Ini tanda peringatan Prebu Ratu almahum.
Dinobatkan dia dengan nama Prebu Guru Dewataprana,
Dinobatkan dia dengan nama Sri Baguda Maharaja ratu Haji di Pakuan Pajajaran Sri Sang Ratu Dewata.
Dialah yang membuat parit Pakuan.
Dia putera Rahiyang Dewa Niskala yang mendiang di Gunatiga,
cucu Rahiyang Niskala wasatu Kancana yang mendiang ke Nusalarang.

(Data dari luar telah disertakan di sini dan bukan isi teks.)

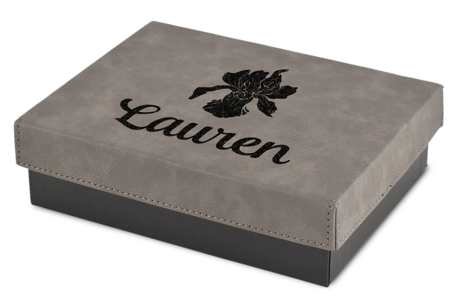 These gift boxes are available in 3 different sizes to accommodate various sized gifts. Available in gray as a neutral color for any occasion as well as to showcase your design boldly. Engraved with a laser this high quality paper board and faux leather gift box is unique and makes any gift stand out.

Dialah yang membuat tanda peringatan gunung-gunungan,
menjadikannya sebuah bukit punden (hutan) untuk samida,
membuat telaga Renamahawijaya.
Ya, dialah itu.
Dalam tahun Saka 1455
(Saleh Danasasmita. 2006. Ya Nu Nyusuk Na Pakwan dalam Mencari Gerbang Pakuan, Seri Sundalana. Bandung: Pusat Studi Sunda).

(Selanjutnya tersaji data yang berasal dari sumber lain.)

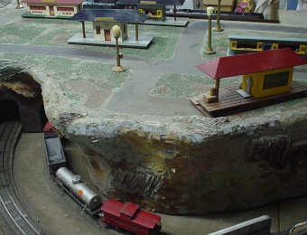 Highballin' passenger pases as a hard working freight climbs the grade Viewed: 1801 times.Water Tank Viewed: 1770 times.Mountain made the old way with 3/4 marine plywood, screening and plaster Viewed: 1839 times.Nighttime yardwork! Viewed: 1816 times. Move-InTalking Station Modification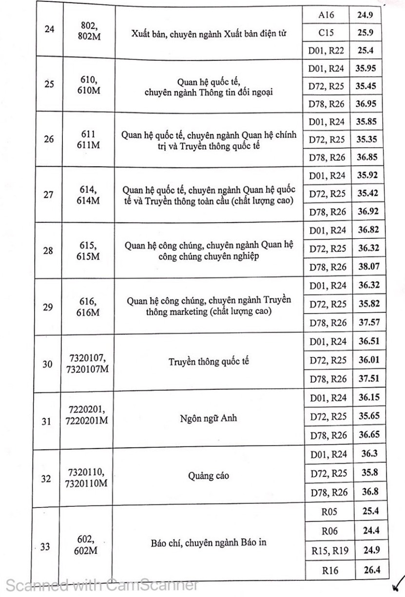 Theo thang 40, ngành Quan hệ công chúng chuyên nghiệp có điểm cao nhất với 37,6 điểm, xét theo tổ hợp khối D78, R26. Xếp thứ hai là chuyên ngành Lịch sử với 37,5 điểm, xét theo tổ hợp C19. Mức điểm chuẩn cao thứ ba là chuyên ngành Báo truyền hình với 37,19 điểm xét tổ hợp D78, R26.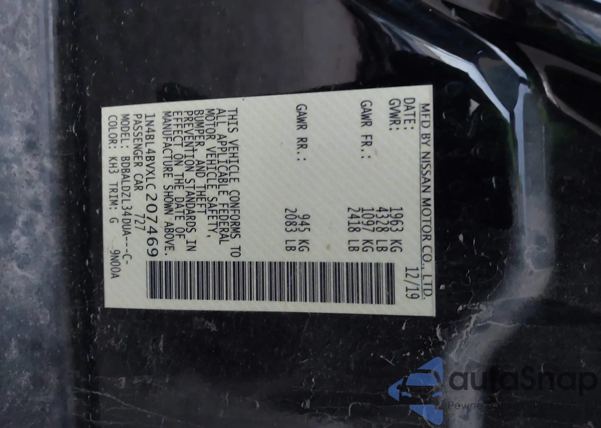 • VIN 1N4BL4BVXLC207469

Ada beberapa hal penting yang tertulis pada prasasti Batutulis dan mempengaruhi kehidupan masyarakat, seperti hutan, sungai dan telaga. Sungai, dalam prasasti itu sering ditafsirkan sebagai parit pertahanan. Parit yang telah dibuat atas perintah Raja, harus dipelihara dengan baik sehingga fungsinya tetap terjaga. Raja juga memerintahkan untuk membuat dan memelihara hutan. Lalu ketika air melimpah, Raja memerintahkan untuk membuat telaga.
Dengan menjaga dan memelihara hutan sebagai sumber air dan memuliakan air, maka masyarakat Jawa Barat bisa mandiri dalam pangan dan gizi. Akan tetapi, saat gunung, hutan, sungai, dan telaga sudah ditinggalkan dan tidak dipelihara, maka lingkungan yang mana sebagai penyangga hidup menjadi menurun kualitasnya.

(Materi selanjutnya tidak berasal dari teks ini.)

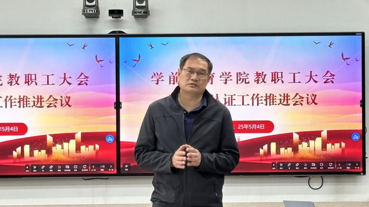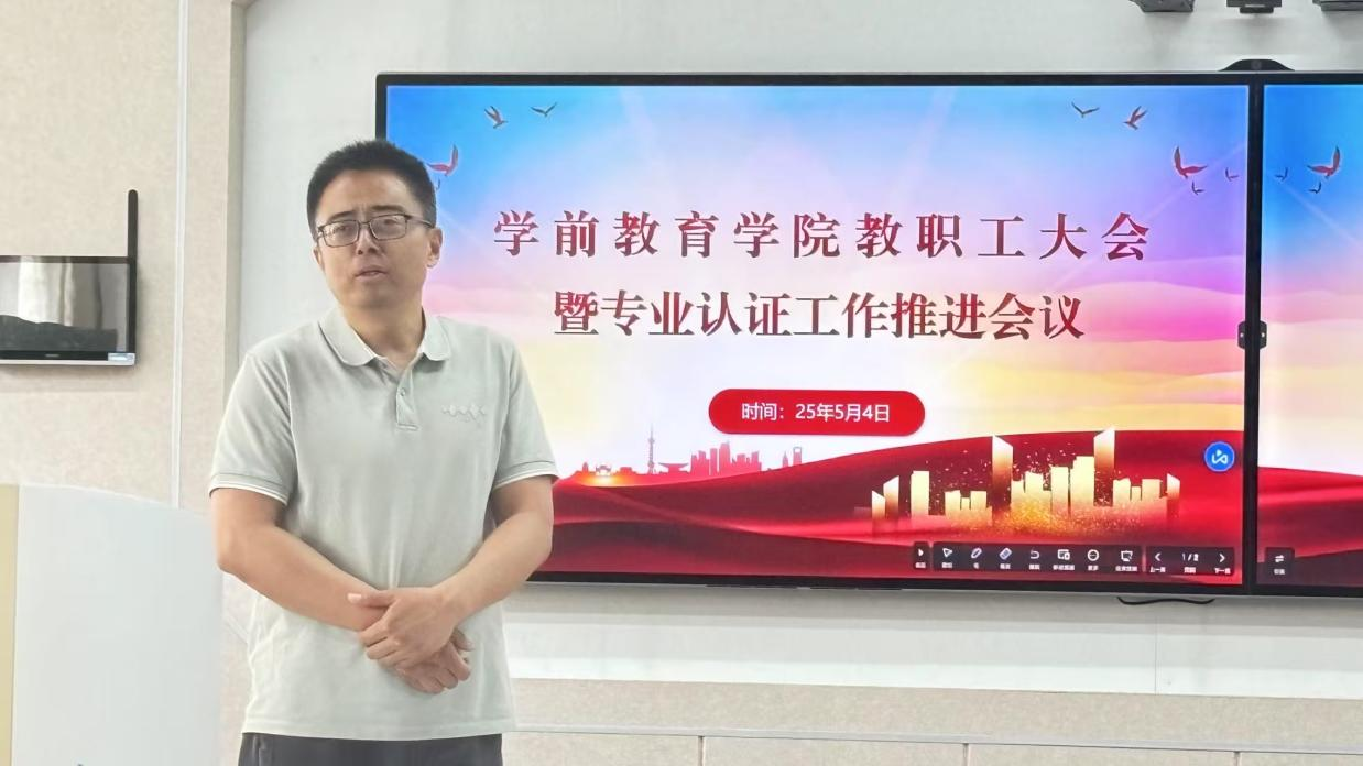 为扎实推进师范专业认证工作,强化教师队伍建设,保障学院教育教学工作平稳有序开展,2025年5月4日,学前教育学院在学前楼301智慧教室召开教职工大会暨专业认证工作推进会议。本次会议由学院党总支书记杨勇主持,学校党委书记李海平莅临指导,学前教育学院全体教职工参会。

Selain itu, pada dasarnya masyarakat zaman dahulu memiliki cara sendiri dalam mengelola lahan, seperti adanya pembagian kelas pengelolaan kawasan; leuweung titipan, leuweung tutupan, dan leuweung garapan. Sebagai contoh dan pembelajaan dari masyarakat Baduy, tidak semua lahan digarap menjadi lahan produksi.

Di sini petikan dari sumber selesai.